Excerpts from a dataset
____________

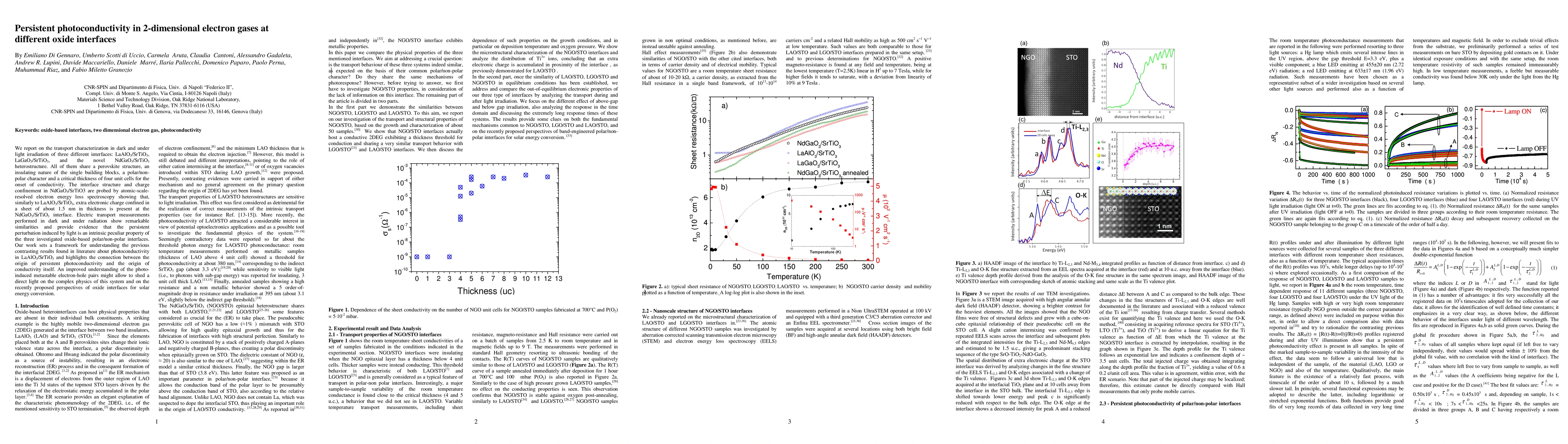 We report on the transport characterization in dark and under light irradiation of three different interfaces: LaAlO3/SrTiO3, LaGaO3/SrTiO3, and the novel NdGaO3/SrTiO3 heterostructure. All of them share a perovskite structure, an insulating nature of the single building blocks, a polar/non- polar character and a critical thickness of four unit cells for the onset of conductivity. The interface structure and charge confinement in NdGaO3/SrTiO3 are probed by atomic-scale- resolved electron energy loss spectroscopy showing that, similarly to LaAlO3/SrTiO3, extra electronic charge confined in a sheet of about 1.5 nm in thickness is present at the NdGaO3/SrTiO3 interface. Electric transport measurements performed in dark and under radiation show remarkable similarities and provide evidence that the persistent perturbation induced by light is an intrinsic peculiar property of the three investigated oxide-based polar/non-polar interfaces. Our work sets a framework for understanding the previous contrasting results found in literature about photoconductivity in LaAlO3/SrTiO3 and highlights the connection between the origin of persistent photoconductivity and the origin of conductivity itself. An improved understanding of the photo- induced metastable electron-hole pairs might allow to shed a direct light on the complex physics of this system and on the recently proposed perspectives of oxide interfaces for solar energy conversion.
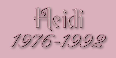![]() She was our first 'kid', a mixed terrier who captured our hearts forever. We'll see you again, precious Heidi, somewhere in time. You're back in God's Hands now. Love, Mommy and Daddy ![]() Just this side of heaven is a place called Rainbow Bridge. When an animal dies that has been especially close to someone here, the pet goes to Rainbow Bridge. There are meadows and hills for all our special friends so they can run and play together. There is plenty of food and water and sunshine and our friends are warm and comfortable. All the animals who have been ill and old are restored to health and vigor; those who were hurt or maimed are made whole and strong again, just as we remember them in our dreams of days and times gone by. The animals are happy and content, except for one small thing - they each miss someone very special to them, who had to be left behind. They all run and play together, but the day comes when one suddenly stops and looks into the distance. His bright eyes are intent, his eager body begins to quiver. Suddenly he begins to run from the group, flying over the green grass, his legs carrying him faster and faster. You have been spotted, and when you and your special friend meet, you cling together in joyous reunion, never to be parted again. The happy kisses rain upon your face, your hands again caress the beloved head, and you look once more into the trusting eyes of your pet, so long gone from your life, but never absent from your heart. Together you and your special pet cross the Rainbow Bridge........(c)1998 Steve and Diane Bodofsky. All Rights Reserved.
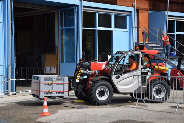 - Geschicklichkeitsparcours mit einem Manitou-Hoflader. Die Kandidaten transportieren eine Kiste mit 600 Litern Wasser durch einen Hindernisparcours. Dabei geht es um die Sicherheit, die Zeit und möglichst wenig Wasserverlust.
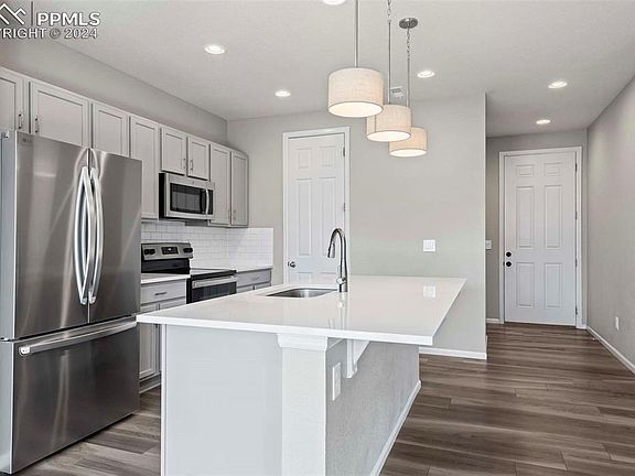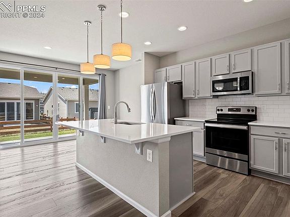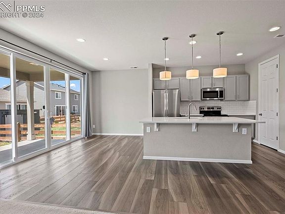 Perfect opportunity to gain instant equity with this beautiful two-story home in Colorado Springs! Near World Golf and Sand Creek Golf Course, The Citadel Mall, Dining, Fitness, and Grocery, all amenities are in proximity. This home welcomes you into the great room and kitchen with natural light streaming in through the large sliding glass doors. The eat-in kitchen features a large center island, custom pendant lighting, pantry, and SS appliances. The main floor also features a gas fireplace in the great room and a half bath. Head upstairs to find the primary suite, three secondary bedrooms, full bathroom, and laundry room. Bring the entertainment outside to the covered patio with a view of the fully fenced and grassed backyard. Near all major routes makes this the perfect location for commuting! Don’t miss this amazing opportunity to gain instant equity with this beautiful two-story home in Colorado Springs!
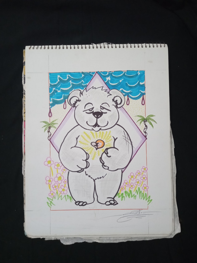 Dibujo con técnica mixta, plumón ,colores, plumas
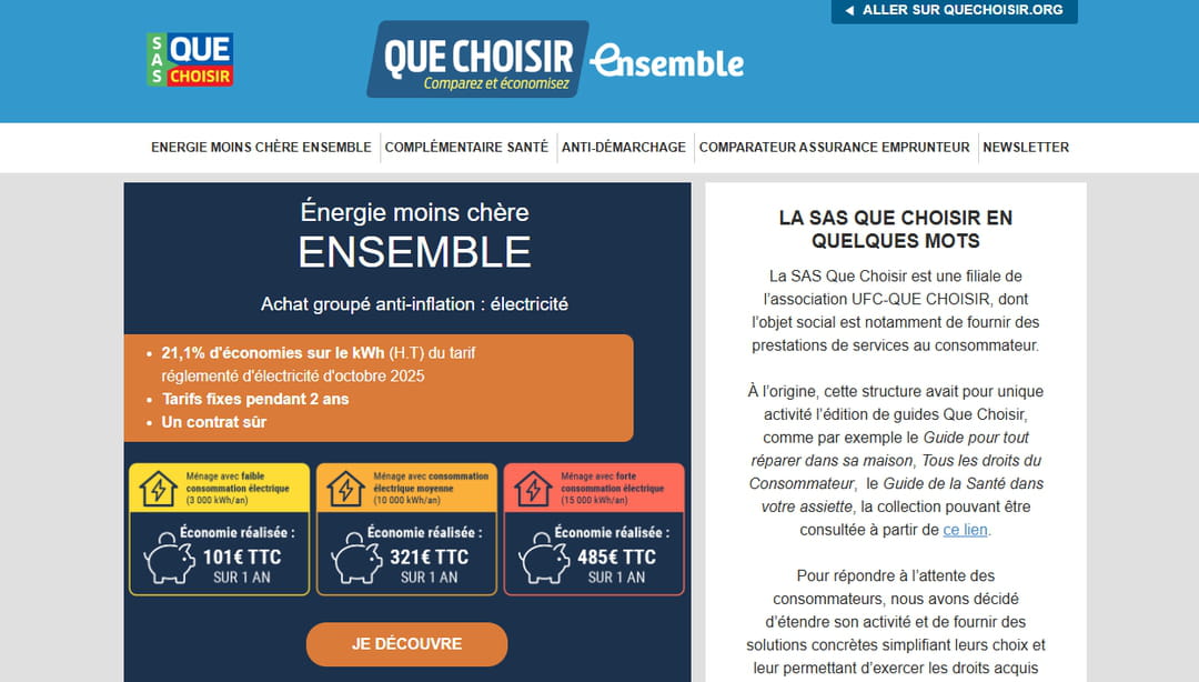 À l'heure où l'électricité reste l'une des principales sources d'inquiétude pour les foyers français, toute baisse durable des tarifs attire forcément l'attention. C'est justement ce que propose l'UFC-Que Choisir à travers une vaste opération d'achat groupé baptisée " Énergie moins chère ensemble ". Le principe est simple : regrouper des milliers de consommateurs pour négocier collectivement un contrat d'électricité plus avantageux auprès des fournisseurs. Résultat : un tarif fixe, garanti deux ans, et jusqu'à 21 % d'économie par rapport au tarif réglementé.
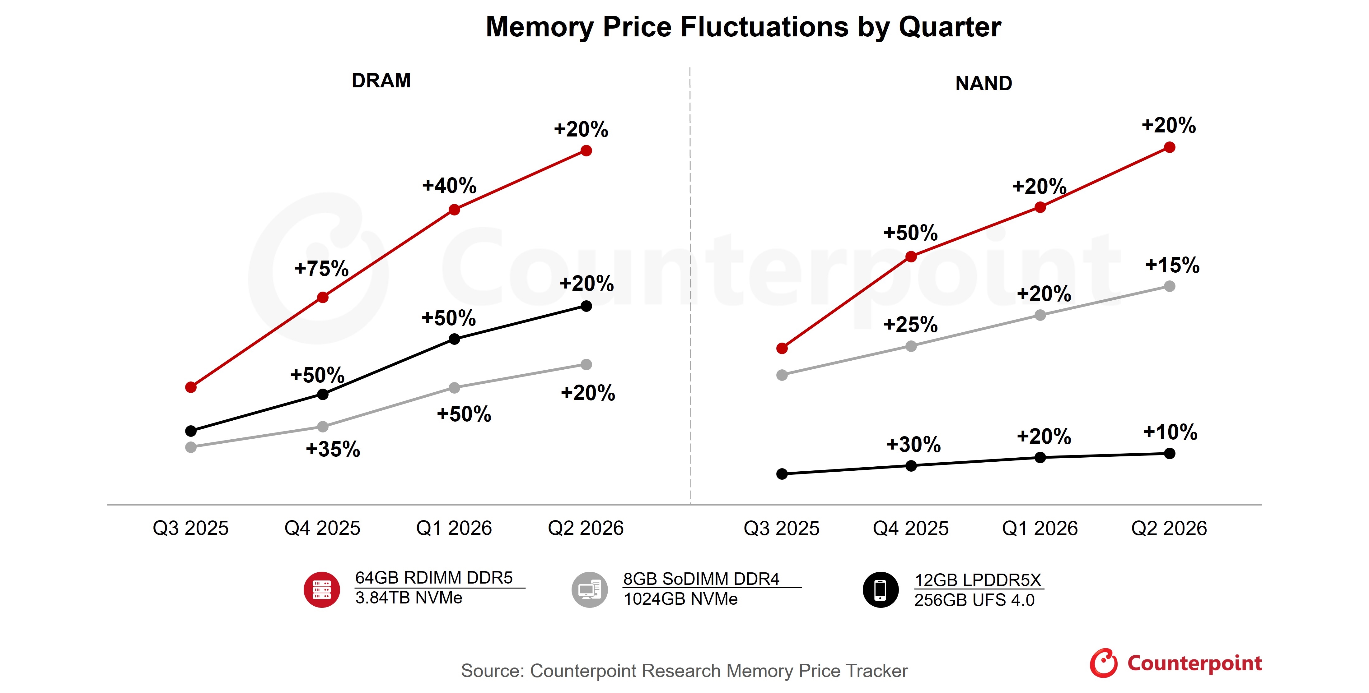 数据显示,2025年第四季度内存价格大幅上涨40%–50%,Counterpoint预计,2026年第一季度仍将再涨40%–50%,而2026年第二季度价格还将继续上涨约20%。
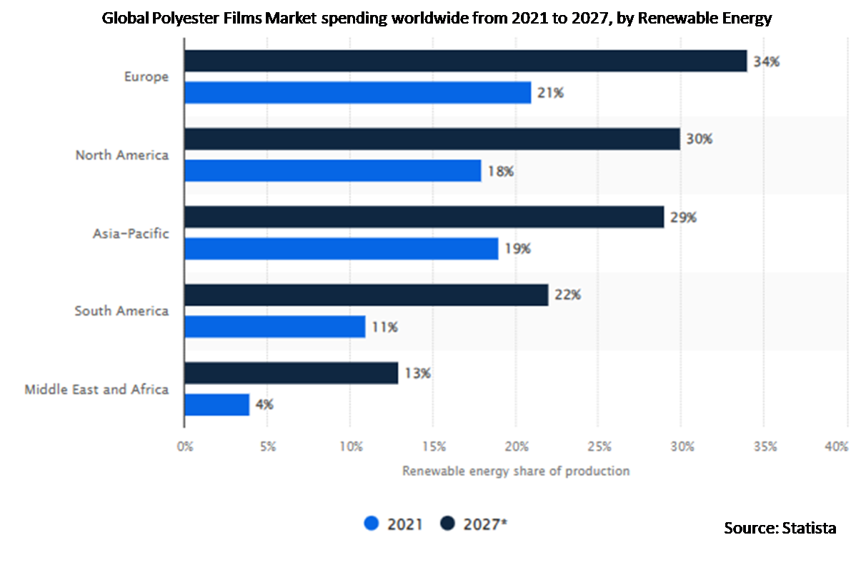 The global Polyester Films market expected to hamper growth during the forecast period. Globally, governments are enforcing strict regulations pertaining to the use of plastics and their effects on the environment. The market may be threatened if this results in limitations on the use of polyester films. The demand for polyester films may be further impacted by the shift toward sustainable and eco-friendly alternatives brought on by the growing awareness of the negative environmental effects of plastics.
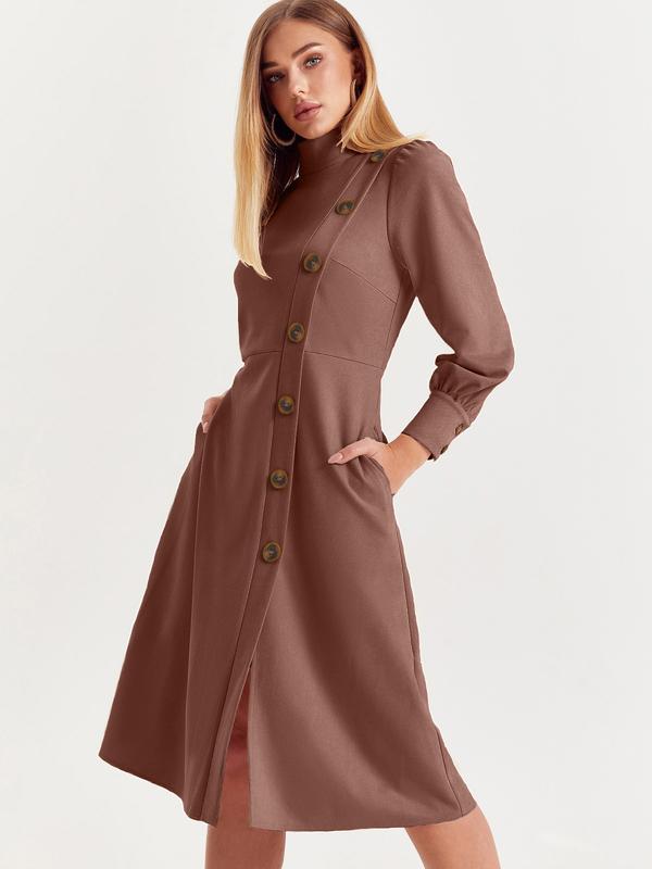 "Замшевое" (ткань) платье с декоративными пуговицами и воротником-стойкой. В боковых швах - карманы. Застегивается на скрытую молнию по спинке. 60% полиэстер, 35% вискоза, 5% эластан цвет - темный беж (коричневый свет) =- фото 1-2 фото 3-4 (запрашивайте — быстро разбирают
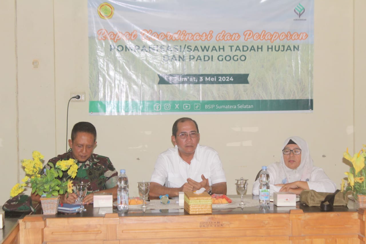 Acara rapat koordinasi dan pelaporan pompanisasi sawah tadah hujan dan padi gogo dihadiri dan dibuka oleh Kepala BSD Sumsel Dr. Suharyanto Sp.Mp. setelah acara dibuka secara resmi kegiatan dilanjutkan dengan diskusi antara dinas pertanian dengan perwakilan kodim 0406/Lubuk Linggau.(Pendim 0406/LLG).

____________

* **Task to carry out**
Please repeat every record above exactly, but leave out the pictures.

* **Response to the task**
 We report on the transport characterization in dark and under light irradiation of three different interfaces: LaAlO3/SrTiO3, LaGaO3/SrTiO3, and the novel NdGaO3/SrTiO3 heterostructure. All of them share a perovskite structure, an insulating nature of the single building blocks, a polar/non- polar character and a critical thickness of four unit cells for the onset of conductivity. The interface structure and charge confinement in NdGaO3/SrTiO3 are probed by atomic-scale- resolved electron energy loss spectroscopy showing that, similarly to LaAlO3/SrTiO3, extra electronic charge confined in a sheet of about 1.5 nm in thickness is present at the NdGaO3/SrTiO3 interface. Electric transport measurements performed in dark and under radiation show remarkable similarities and provide evidence that the persistent perturbation induced by light is an intrinsic peculiar property of the three investigated oxide-based polar/non-polar interfaces. Our work sets a framework for understanding the previous contrasting results found in literature about photoconductivity in LaAlO3/SrTiO3 and highlights the connection between the origin of persistent photoconductivity and the origin of conductivity itself. An improved understanding of the photo- induced metastable electron-hole pairs might allow to shed a direct light on the complex physics of this system and on the recently proposed perspectives of oxide interfaces for solar energy conversion.
![]() She was our first 'kid', a mixed terrier who captured our hearts forever. We'll see you again, precious Heidi, somewhere in time. You're back in God's Hands now. Love, Mommy and Daddy ![]() Just this side of heaven is a place called Rainbow Bridge. When an animal dies that has been especially close to someone here, the pet goes to Rainbow Bridge. There are meadows and hills for all our special friends so they can run and play together. There is plenty of food and water and sunshine and our friends are warm and comfortable. All the animals who have been ill and old are restored to health and vigor; those who were hurt or maimed are made whole and strong again, just as we remember them in our dreams of days and times gone by. The animals are happy and content, except for one small thing - they each miss someone very special to them, who had to be left behind. They all run and play together, but the day comes when one suddenly stops and looks into the distance. His bright eyes are intent, his eager body begins to quiver. Suddenly he begins to run from the group, flying over the green grass, his legs carrying him faster and faster. You have been spotted, and when you and your special friend meet, you cling together in joyous reunion, never to be parted again. The happy kisses rain upon your face, your hands again caress the beloved head, and you look once more into the trusting eyes of your pet, so long gone from your life, but never absent from your heart. Together you and your special pet cross the Rainbow Bridge........(c)1998 Steve and Diane Bodofsky. All Rights Reserved.
 - Geschicklichkeitsparcours mit einem Manitou-Hoflader. Die Kandidaten transportieren eine Kiste mit 600 Litern Wasser durch einen Hindernisparcours. Dabei geht es um die Sicherheit, die Zeit und möglichst wenig Wasserverlust.
 Perfect opportunity to gain instant equity with this beautiful two-story home in Colorado Springs! Near World Golf and Sand Creek Golf Course, The Citadel Mall, Dining, Fitness, and Grocery, all amenities are in proximity. This home welcomes you into the great room and kitchen with natural light streaming in through the large sliding glass doors. The eat-in kitchen features a large center island, custom pendant lighting, pantry, and SS appliances. The main floor also features a gas fireplace in the great room and a half bath. Head upstairs to find the primary suite, three secondary bedrooms, full bathroom, and laundry room. Bring the entertainment outside to the covered patio with a view of the fully fenced and grassed backyard. Near all major routes makes this the perfect location for commuting! Don’t miss this amazing opportunity to gain instant equity with this beautiful two-story home in Colorado Springs!
 Dibujo con técnica mixta, plumón ,colores, plumas
 À l'heure où l'électricité reste l'une des principales sources d'inquiétude pour les foyers français, toute baisse durable des tarifs attire forcément l'attention. C'est justement ce que propose l'UFC-Que Choisir à travers une vaste opération d'achat groupé baptisée " Énergie moins chère ensemble ". Le principe est simple : regrouper des milliers de consommateurs pour négocier collectivement un contrat d'électricité plus avantageux auprès des fournisseurs. Résultat : un tarif fixe, garanti deux ans, et jusqu'à 21 % d'économie par rapport au tarif réglementé.
 数据显示,2025年第四季度内存价格大幅上涨40%–50%,Counterpoint预计,2026年第一季度仍将再涨40%–50%,而2026年第二季度价格还将继续上涨约20%。
 The global Polyester Films market expected to hamper growth during the forecast period. Globally, governments are enforcing strict regulations pertaining to the use of plastics and their effects on the environment. The market may be threatened if this results in limitations on the use of polyester films. The demand for polyester films may be further impacted by the shift toward sustainable and eco-friendly alternatives brought on by the growing awareness of the negative environmental effects of plastics.
 "Замшевое" (ткань) платье с декоративными пуговицами и воротником-стойкой. В боковых швах - карманы. Застегивается на скрытую молнию по спинке. 60% полиэстер, 35% вискоза, 5% эластан цвет - темный беж (коричневый свет) =- фото 1-2 фото 3-4 (запрашивайте — быстро разбирают
 Acara rapat koordinasi dan pelaporan pompanisasi sawah tadah hujan dan padi gogo dihadiri dan dibuka oleh Kepala BSD Sumsel Dr. Suharyanto Sp.Mp. setelah acara dibuka secara resmi kegiatan dilanjutkan dengan diskusi antara dinas pertanian dengan perwakilan kodim 0406/Lubuk Linggau.(Pendim 0406/LLG).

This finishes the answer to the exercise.